# 🏡 💰 Who is putting their homes on AirBnb? 💰🏡

I've always been curious about the people who put up their homes on AirBnb in New York City. Who are these people? Why do they have so many houses? Let's get nosy. More broadly, I was interested in finding out how many people could potentially be doing it commercially, because then AirBnb is not the cute home-sharing platform it claims to be 😔 and is worsening the city's housing crisis 👎  

* The Data Source: http://insideairbnb.com/get-the-data.html 
*This data is sourced from publicly available information from the Airbnb site. I did not perform the scrape myself. 

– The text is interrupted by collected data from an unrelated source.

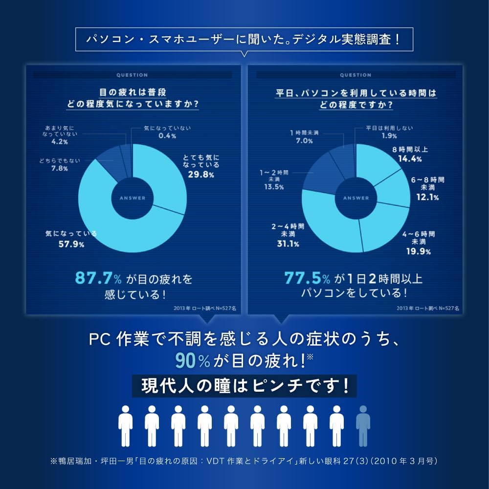Diseñado específicamente para personas que pasan largas horas frente a pantallas, el Rohto Digi Eye alivia la fatiga ocular, el enrojecimiento y la sequedad causados por el uso intensivo de dispositivos como teléfonos, computadoras y tabletas.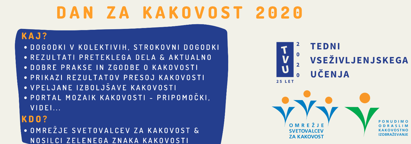Tudi v letu 2020 je med skupne akcije TVU vključen dan, posvečen delu organizacij in posameznikov, povezanem s presojanjem in razvijanjem kakovosti izobraževanja odraslih.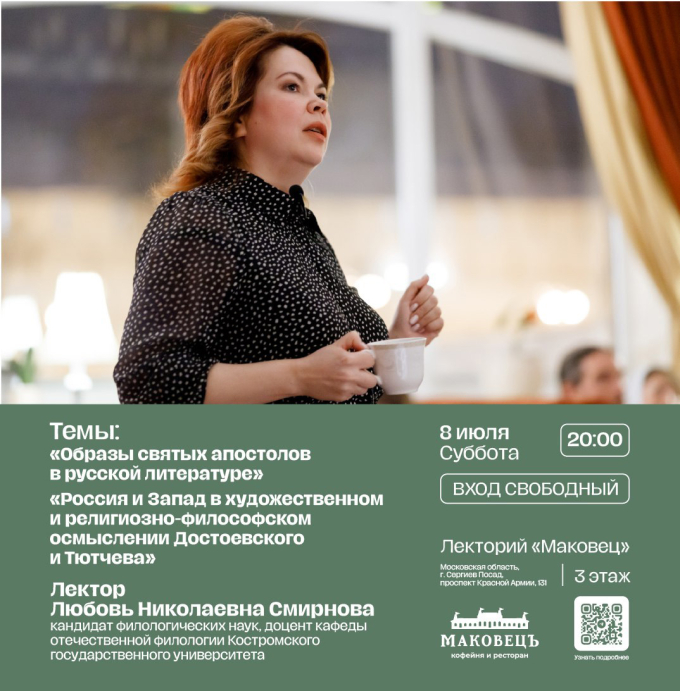 8 июля в 20:00 в ресторанном комплексе «Маковец» пройдет просветительская лекция на темы «Образы святых апостолов в русской литературе» и «Россия и Запад в художественном и религиозно-философском осмыслении Достоевского и Тютчева».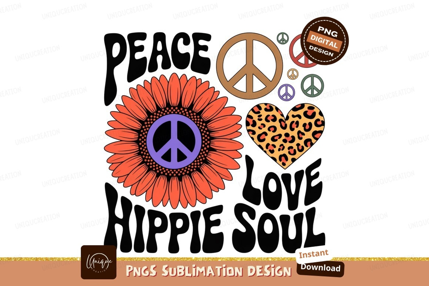 Orange sunflower peace heart leopard print image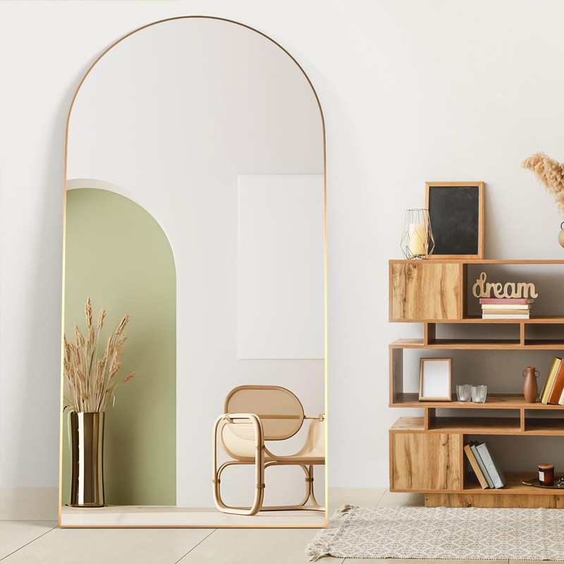 - 💝Arched Design: The top of the full body mirror uses an arched top frame design. Aluminum frame, the entire glass mirror is not surrounded by the frame, it is independent of the frame, making the entire mirror look very unique and upscale
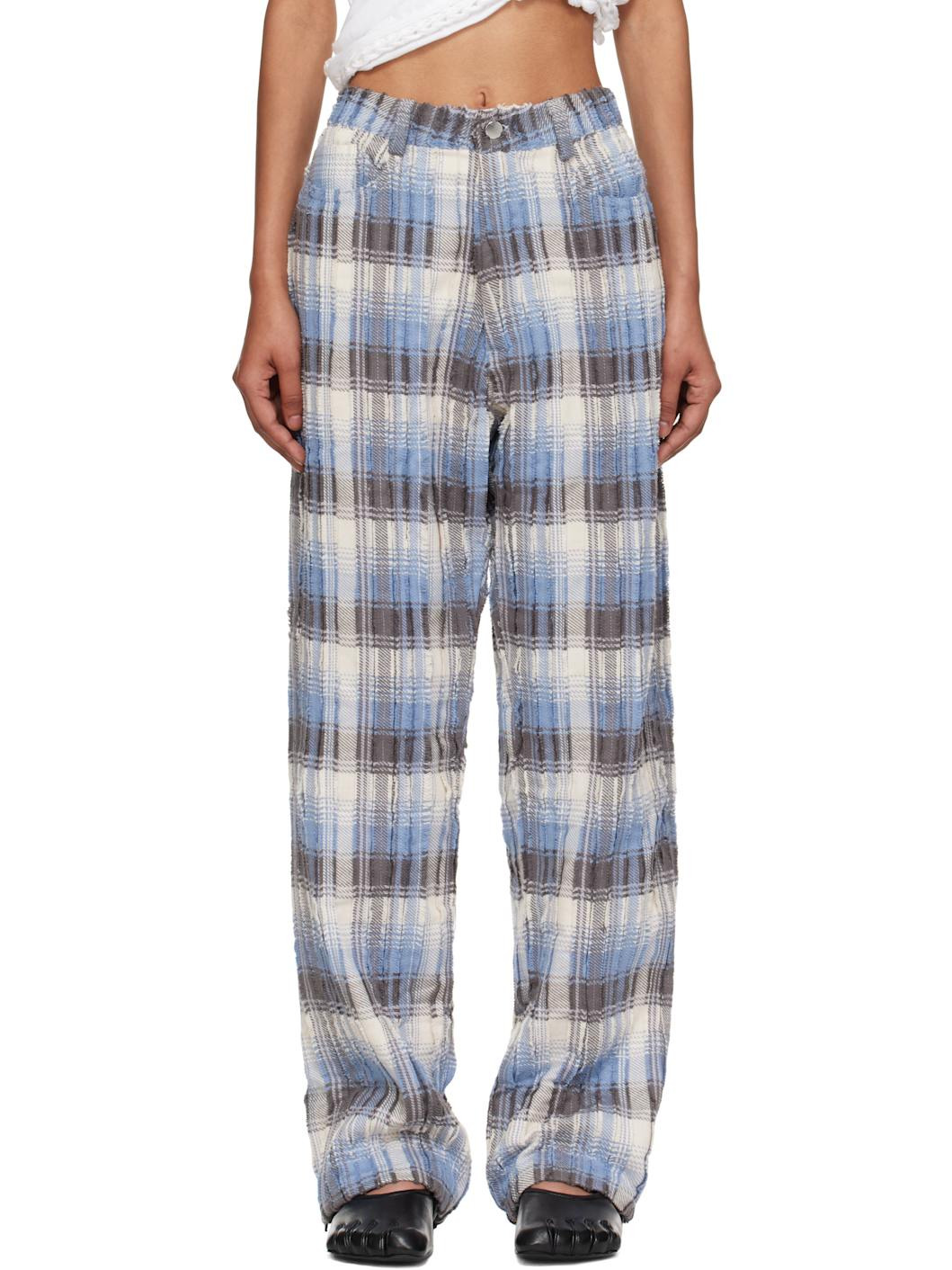 Cotton tweed jeans. · Paneled construction · Raw edges throughout · Loose-fit · Mid-rise · Belt loops · Five-pocket styling · Zip fly Supplier color: Ice blue plaid 100% cotton. Made in United States 252236F069000

### Let's start by looking at some rows and exploring the data a little bit

In [1]:
import pandas as pd
df = pd.read_csv('listings1.csv', low_memory=False)
df.tail(3)



Unnamed: 0,id,name,host_id,host_name,neighbourhood_group,neighbourhood,latitude,longitude,room_type,price,minimum_nights,number_of_reviews,last_review,reviews_per_month,calculated_host_listings_count,availability_365,number_of_reviews_ltm,license
38182,54150715,Private PATIO in PRIVATE Room | 5mins to Manha...,340322917,Elizabeth,Brooklyn,Bedford-Stuyvesant,40.692611,-73.933902,Private room,61,13,0,,,1,365,0,
38183,54152478,Center of Columbia University in UWS New York,438705539,Qingnan,Manhattan,Morningside Heights,40.804473,-73.963734,Private room,60,1,0,,,1,159,0,
38184,54161645,Escape to Haven in Manhattan-West 57th Street-...,355450429,Mike,Manhattan,Midtown,40.7644,-73.97796,Entire home/apt,110,1,0,,,4,5,0,


### * Entire home listings are the most popular and can earn you more than shared or private room listings.

In [2]:
df[['room_type','price']].groupby('room_type')\
.agg(['mean','count'])\
.sort_values(by=('price','mean'), ascending=False).round(2)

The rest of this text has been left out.